StatsAgg works by receiving Graphite, StatsD, InfluxDB, and OpenTSDB metrics, (optionally) aggregating them, alerting on them, and outputting them to a metric storage platform. In essence, StatsAgg is a middle-man that sits between the metric sender & the metric storage applications. The 'value add' is metric aggregation (Graphite & StatsD), and providing a common alerting platform for all supported metric types. The diagram (see below diagram) shows an example deployment & use-case pattern for StatsAgg.

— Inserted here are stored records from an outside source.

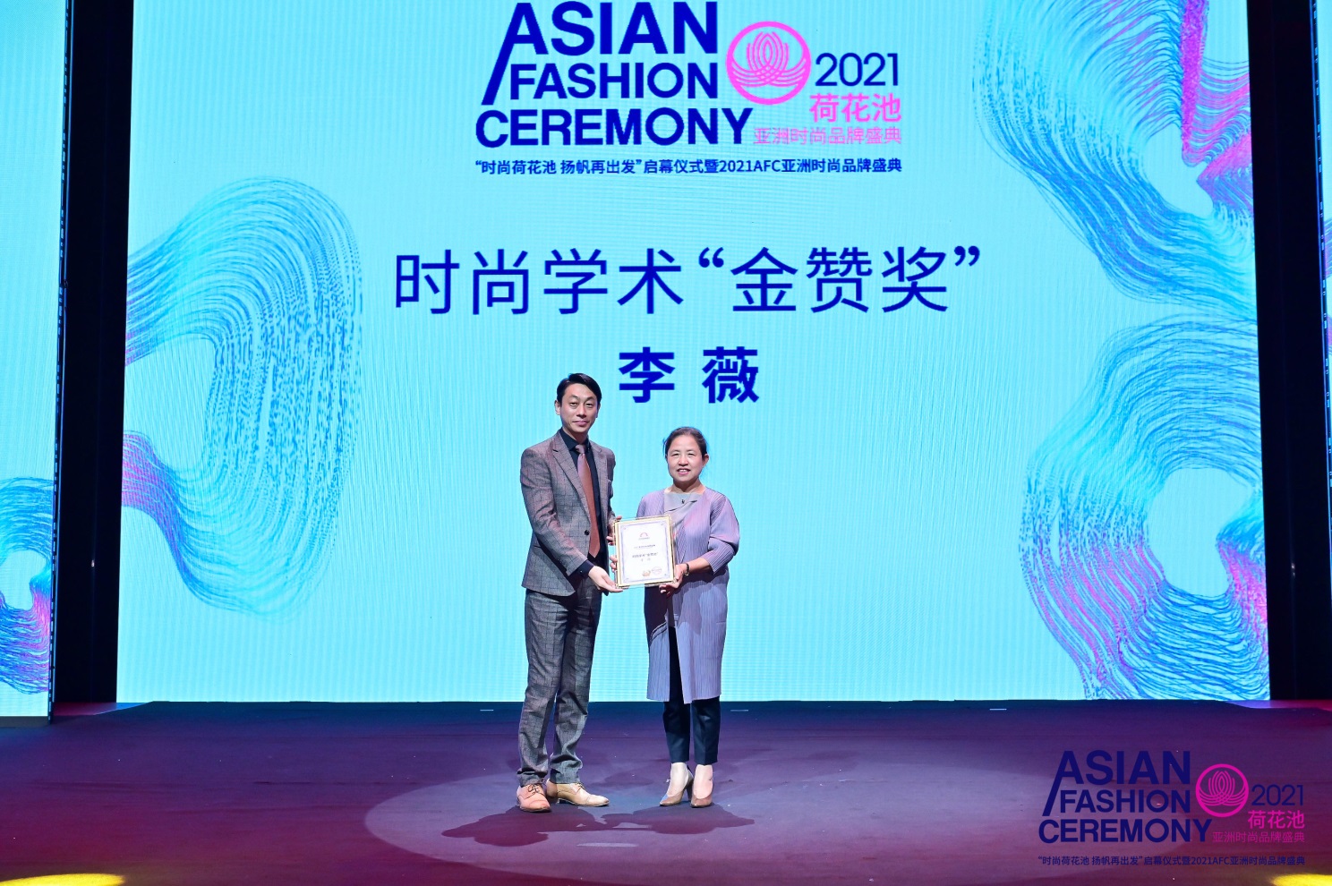 2021AFC亚洲时尚品牌盛典设立了非遗创新“金赞奖”、民族创新“金赞奖”、高定设计“金赞奖”、时尚学术“金赞奖”、美育普及“金赞奖”等奖项,对本次活动以及时尚创意产业发展作出突出贡献的品牌、设计师等进行表彰,李薇荣获时尚学术“金赞奖”,以表彰她在时尚学术领域作出的突出贡献。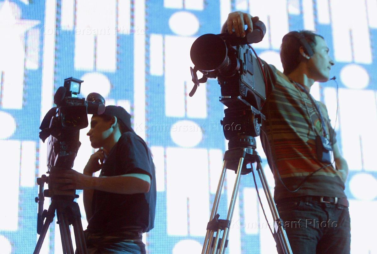 Телеоператоры во время съемки заключительного концерта телевизионного проекта Первого канала "Фабрика звезд - 5". Концерт прошел в спортивном комплексе "Олимпийский".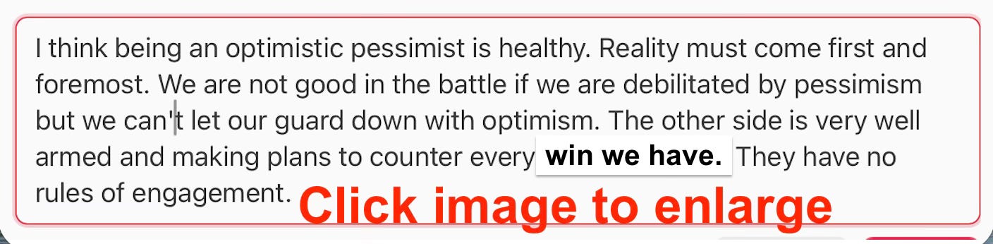 I storngly caution against being afraid to look at dire possibilities and clinging to every win our side has whether in an election, or court, or in the polls, or a disastrous MAGA performance (Pam Bondi’s or Greg Bovino’s for example) without realizing that our enemy is looking at these wins and making plans to counterattack. Our enemy has vast resources and won’t hestitate to violate the Constitution, defy court rulings, and ignore precedent, to win at all cost.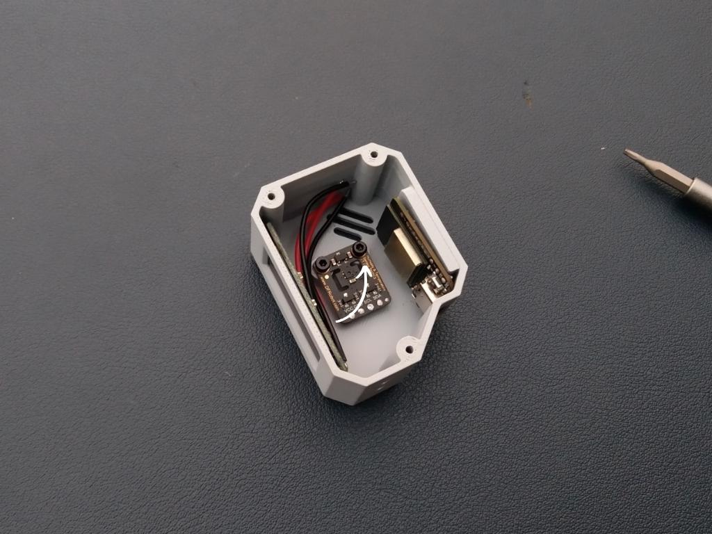 Once the microcontroller is in place, it’s time to install the final main component — the SHTC3 Temperature and Humidity Sensor. Carefully position the sensor in its dedicated slot inside the enclosure. Use two small M3 screws to secure it firmly with the help of a screwdriver. Make sure the sensor is properly aligned and tight enough so it stays fixed during use.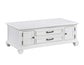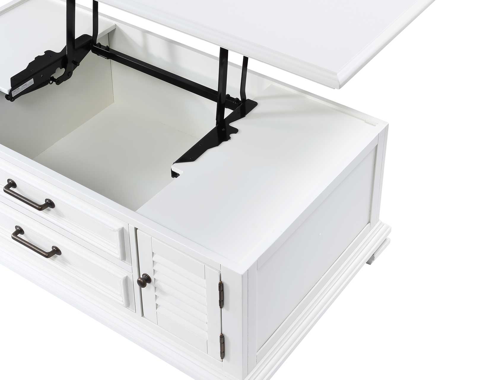 Modern farmhouse design in a white Lift-Top Cocktail Table that fits comfortably in contemporary or cottage decors. The Charlestown Lift-Top Cocktail makes a stylish addition to any living room with its clean aesthetic combined with the added function of a lift top so you can eat or work right from your couch.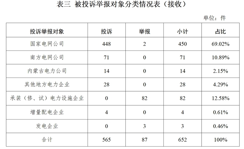 供電企業(yè)567件、占投訴舉報總數(shù)的86.96%,其中:國家電網(wǎng)公司450件、占投訴舉報總數(shù)的69.02%,南方電網(wǎng)公司71件、占投訴舉報總數(shù)的10.89%,內(nèi)蒙古電力公司14件、占投訴舉報總數(shù)的2.15%,其他地方電力企業(yè)28件、占投訴舉報總數(shù)的4.29%,增量配電企業(yè)4件,占投訴舉報總數(shù)的0.61%;承裝(修、試)電力設(shè)施企業(yè)82件、占投訴舉報總數(shù)的12.58%;發(fā)電企業(yè)3件、占投訴舉報總數(shù)的0.46%。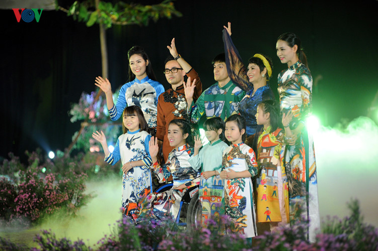 | Schauspielerin Minh Chau und behinderte Kinder nehmen an der Ao Dai-Show der Designerin Ngoc Han teil. |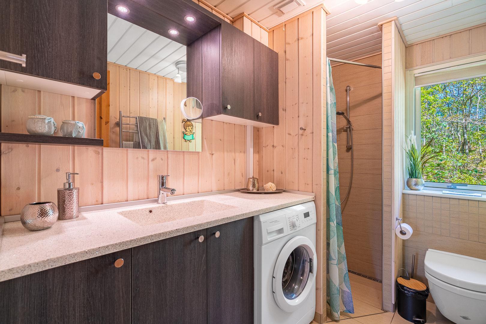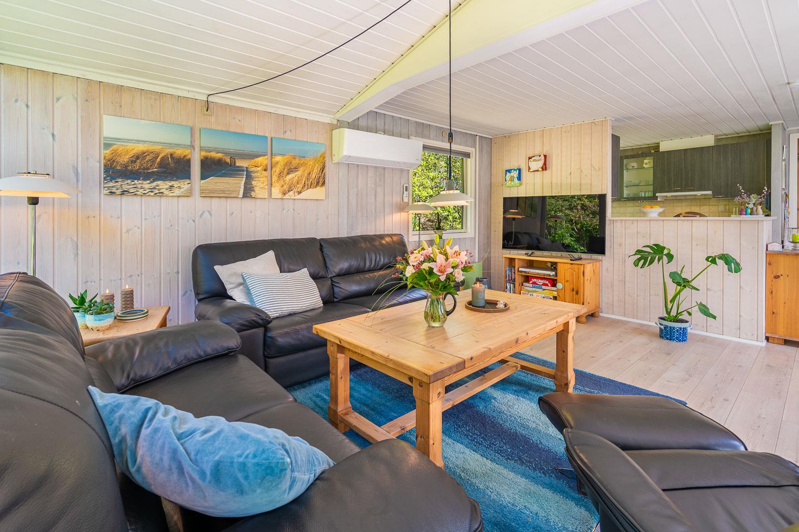 I sommerhuset venter desuden tre dejlige soveværelser og et badeværelse med gulvvarme. Et tilstødende redskabsrum byder på ekstra praktisk plads, herunder en fryser.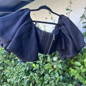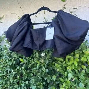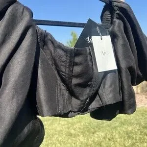Aje Eugene Off The Shoulder Crop Top Black Puff Sleeves Size 16 US 12 Large NWT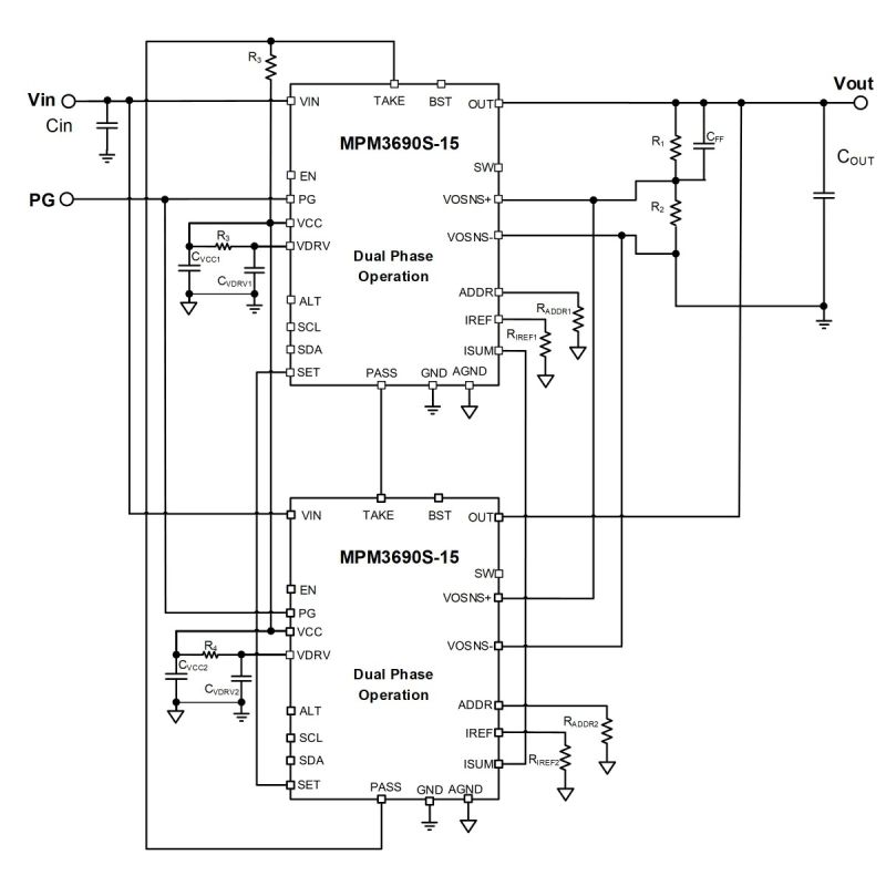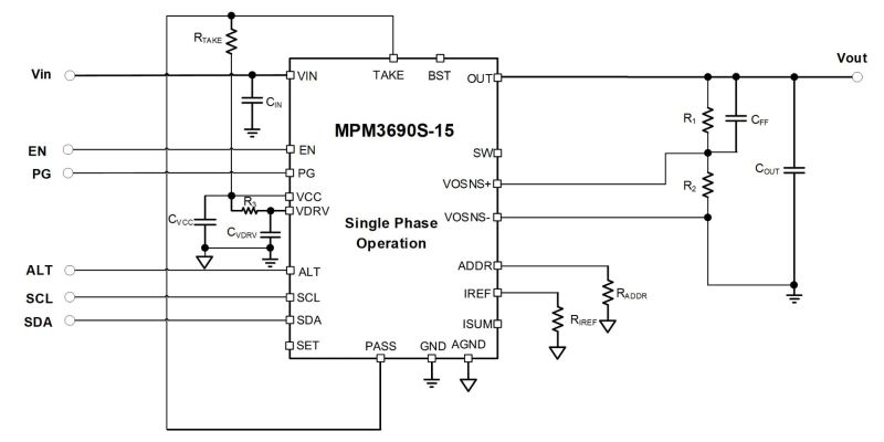 MPM3690S-15 采用 MPS 专有的多相恒定导通时间 (MCOT) 控制,可提供超快瞬态响应和简单的环路补偿。它还提供数字接口以实现模块配置和关键参数的监控。

StatsAgg component diagram


What are StatsAgg's core features?

  • Receives and aggregates StatsD metrics
    • StatsAgg contains a complete re-implementation of StatsD
    • All metric-types are fully supported (and in some cases, enhanced)
    • TCP & UDP support (both can run concurrently)
  • Receives (and optionally, aggregates) Graphite metrics
    • TCP & UDP support (both can run concurrently)
    • Can aggregates into minimum, average, maximum, median, count, rate, and sum for the values of an individual metric-path (during an 'aggregation window').
    • Aggregation works similarly to StatsD timer aggregation, but for Graphite metrics.
  • Receives OpenTSDB metrics
    • Telnet & HTTP interfaces are supported
    • Supports GZIP compression on HTTP interface
  • Outputs metrics to metric storage platforms
    • Graphite (and Graphite compatible services)
    • InfluxDB (versions 0.6x, 0.7x, 0.8x -- support for 0.9x will come in a future release)
    • OpenTSDB (via telnet & HTTP)
    • Outputting to a storage engine is completely optional; you can send metrics into StatsAgg without having them forwarded to a metric storage solution. This also means that if you're having issues with your metric storage solution, StatsAgg will still be available & capable of alerting off the metrics that it receives.
  • A robust alerting mechanism
    • Can alert off of any received/aggregated metric
    • Regular-expression based mechanism for tying metrics & alerts together
    • 'threshold' or 'availability' based alerting
    • A flexible alert & metric suspension mechanism
    • Alerts notifications can be sent via email or viewed in the StatsAgg website
  • A web-based UI for managing alerts & metrics

A more detailed discussion of StatsAgg's features can be found in the StatsAgg user manual


Why should I use StatsAgg?

StatsAgg was originally written to fill some gaps that in some other popular open-source monitoring tools. Specifically...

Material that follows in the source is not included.